DATA RECORDS ▸
======

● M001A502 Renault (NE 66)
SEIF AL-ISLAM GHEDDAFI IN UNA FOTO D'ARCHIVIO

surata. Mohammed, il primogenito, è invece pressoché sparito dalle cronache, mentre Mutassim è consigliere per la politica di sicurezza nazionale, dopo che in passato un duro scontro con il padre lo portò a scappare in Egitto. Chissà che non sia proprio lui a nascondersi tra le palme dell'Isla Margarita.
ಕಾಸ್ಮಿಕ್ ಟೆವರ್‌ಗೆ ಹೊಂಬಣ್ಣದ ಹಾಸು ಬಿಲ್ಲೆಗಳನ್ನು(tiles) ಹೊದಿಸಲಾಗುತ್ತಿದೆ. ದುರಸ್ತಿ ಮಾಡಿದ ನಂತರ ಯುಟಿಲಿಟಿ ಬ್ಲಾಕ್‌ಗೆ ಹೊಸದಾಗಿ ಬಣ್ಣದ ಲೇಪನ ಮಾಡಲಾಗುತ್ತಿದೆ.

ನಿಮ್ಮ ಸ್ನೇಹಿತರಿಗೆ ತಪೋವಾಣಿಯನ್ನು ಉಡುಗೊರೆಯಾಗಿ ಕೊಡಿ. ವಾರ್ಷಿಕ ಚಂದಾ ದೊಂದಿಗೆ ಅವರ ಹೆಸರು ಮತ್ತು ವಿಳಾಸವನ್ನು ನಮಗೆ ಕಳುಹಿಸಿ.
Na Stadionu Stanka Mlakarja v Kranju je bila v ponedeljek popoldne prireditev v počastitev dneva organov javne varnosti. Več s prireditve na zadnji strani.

======

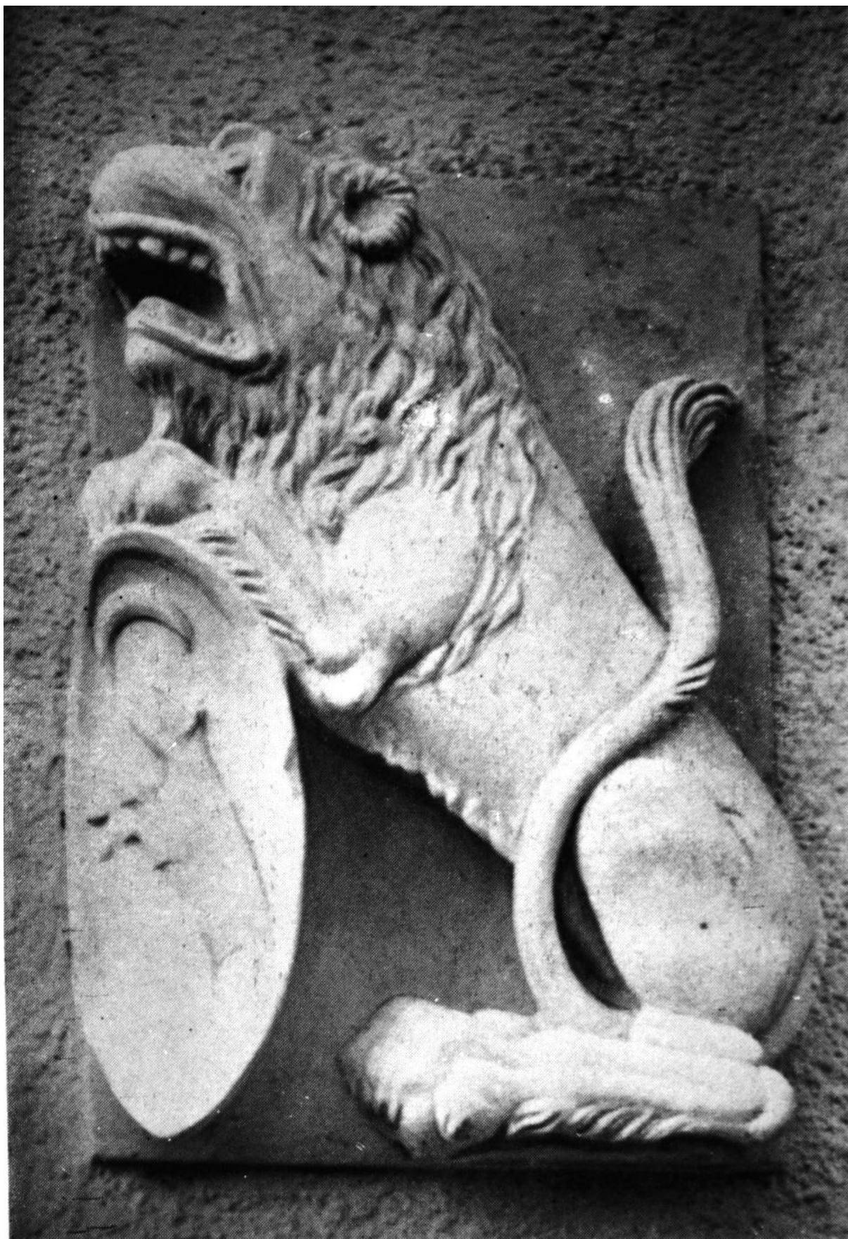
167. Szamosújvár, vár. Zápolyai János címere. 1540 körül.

======

BRIEF ▸ Scan the entries above for the line containing "ಕಾಸ್ಮಿಕ್ ಟೆವರ್‌ಗೆ ಹೊಂಬಣ್ಣದ", and copy it and all lines after it exactly, down to and including the line containing "Na Stadionu Stanka".

ANSWER SPACE ▸
ಕಾಸ್ಮಿಕ್ ಟೆವರ್‌ಗೆ ಹೊಂಬಣ್ಣದ ಹಾಸು ಬಿಲ್ಲೆಗಳನ್ನು(tiles) ಹೊದಿಸಲಾಗುತ್ತಿದೆ. ದುರಸ್ತಿ ಮಾಡಿದ ನಂತರ ಯುಟಿಲಿಟಿ ಬ್ಲಾಕ್‌ಗೆ ಹೊಸದಾಗಿ ಬಣ್ಣದ ಲೇಪನ ಮಾಡಲಾಗುತ್ತಿದೆ.

ನಿಮ್ಮ ಸ್ನೇಹಿತರಿಗೆ ತಪೋವಾಣಿಯನ್ನು ಉಡುಗೊರೆಯಾಗಿ ಕೊಡಿ. ವಾರ್ಷಿಕ ಚಂದಾ ದೊಂದಿಗೆ ಅವರ ಹೆಸರು ಮತ್ತು ವಿಳಾಸವನ್ನು ನಮಗೆ ಕಳುಹಿಸಿ.
Na Stadionu Stanka Mlakarja v Kranju je bila v ponedeljek popoldne prireditev v počastitev dneva organov javne varnosti. Več s prireditve na zadnji strani.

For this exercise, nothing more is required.